Нежный театр — страница 28 из 56


Тогда-то и произошло это наложение – меня, моего облика, взрослой Буси, промелькнувшей рядом, и моего невоплощенного поиска. Где же я потерял впервые свой облик? В выпуклом боку электрического чайника с надвинутой набекрень ватной Солохой? В черной глубине незадернутого окна? В блестящей хромированной дужке кровати?


– А ведь могли раньше-то хромировать, слоя не жалели, держали в гальваничке столько, сколько для ГОСТА держать надо, – довольно заключила Буся, перехватив мой взор, блуждающий по блестящим сегментам.

– Не рассказывай только мне снова про вашу гальваничку, пожалуйста, – просил я ее чуть-чуть язвительно.

– Да уж, чего там рассказывать, по сути – липко там все, вонь одна, да лужи едкие на бетоне.
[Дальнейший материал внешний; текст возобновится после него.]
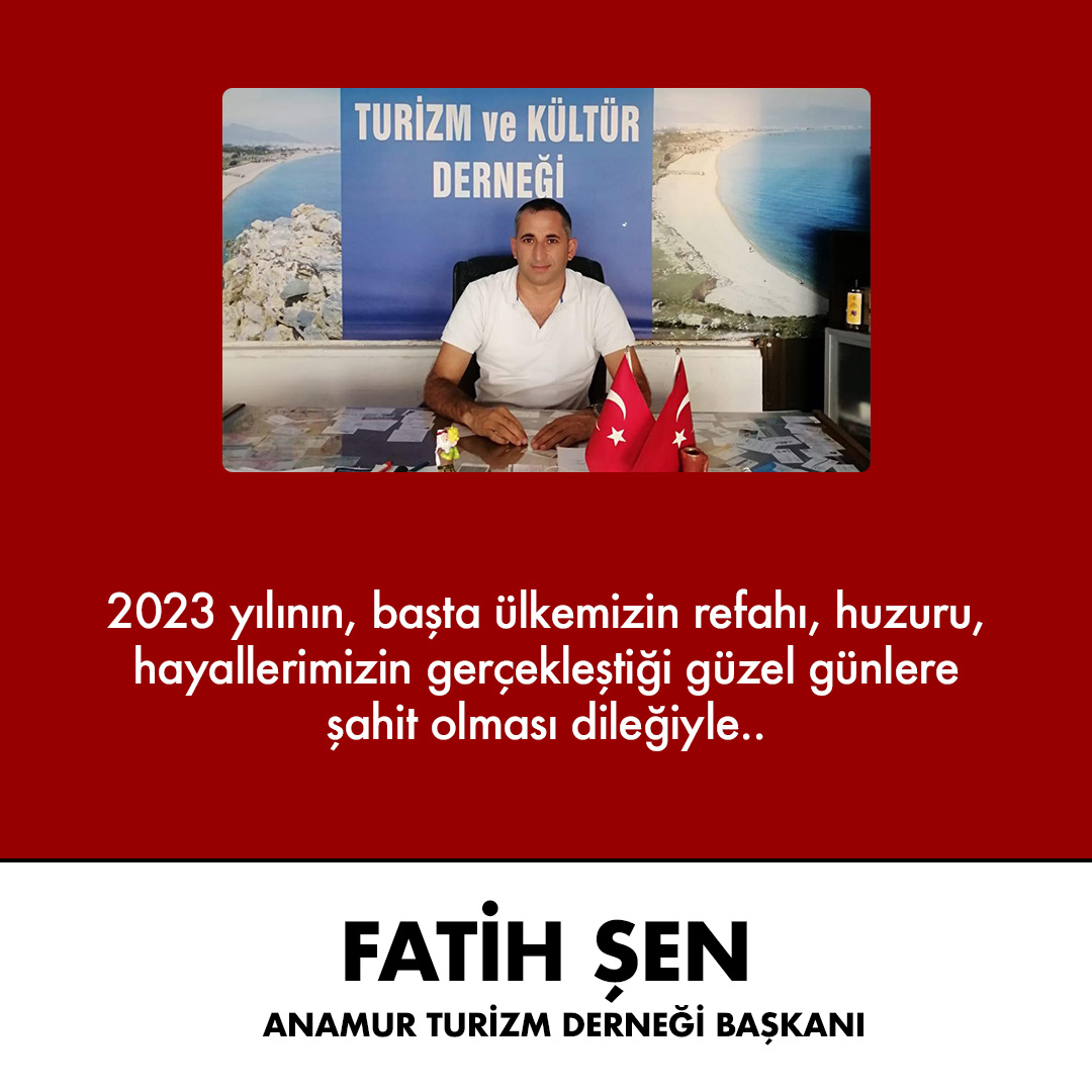 ANAMUR GAZETESİ / Musa Suğan - Anamur Turizm Derneği Başkanı Fatih Şen, 2023 yılı için, yeni yıl mesajı yayınladı.

И она не прибавила свое извечное «не поверишь». Ибо та жизнь была для нее вовсе не веселым двоящим зеркалом, куда она с удивленьем смотрелась, не веря тому, что вот так легко и незатейливо существует – и в его стеклянной полости, и сама по себе, – стоит только перевести взор на свое собственное плечо или руку.

Но она жестко знала, что на самом деле существует только там, где есть большие гальванические ванны, быстрые станки, сорящие жесткими завитками, где в дальнем конце участок литья и жужжащие козловые краны.

Там есть доплаты за вредность, там есть льготы, премии и прогрессивки, там есть продуктовые пайки и небольшая надежда.


Буся о чем-то говорила с бабушкой и я запомнил реплику:

– Да я словно как Тонька-учетчица стану что ли? За каждый рубль орать, что ли? Словно мне и этих денег на жизнь не хватает.

Бабушка напряглась. Ей вообще-то были безразличны Бусины денежные перипетии, но она возбудилась, как охотничья собака звуком рожка. Она подобралась, мгновенно похудела и даже сглотнула. Она думала совершенно о другом. Ей открывалась глубинная суть языка, о котором она не переставала думать, мусолить свой стареющий ум, наливаться важностью и значительностью.

Это был редкий случай.

Она набрела на наречие «словно».

Простенькое только на первый взгляд.

Она набрела на него, как такса на лисью нору, и бесстрашно ввинтилась в муторный ад смыслов.

Она провозгласила:

– Вот-вот, «словно»… Ты, Любовь, все «словно» всегда говоришь. А «словно» – ведь значит только на словах что-то сделать. Не по-настоящему.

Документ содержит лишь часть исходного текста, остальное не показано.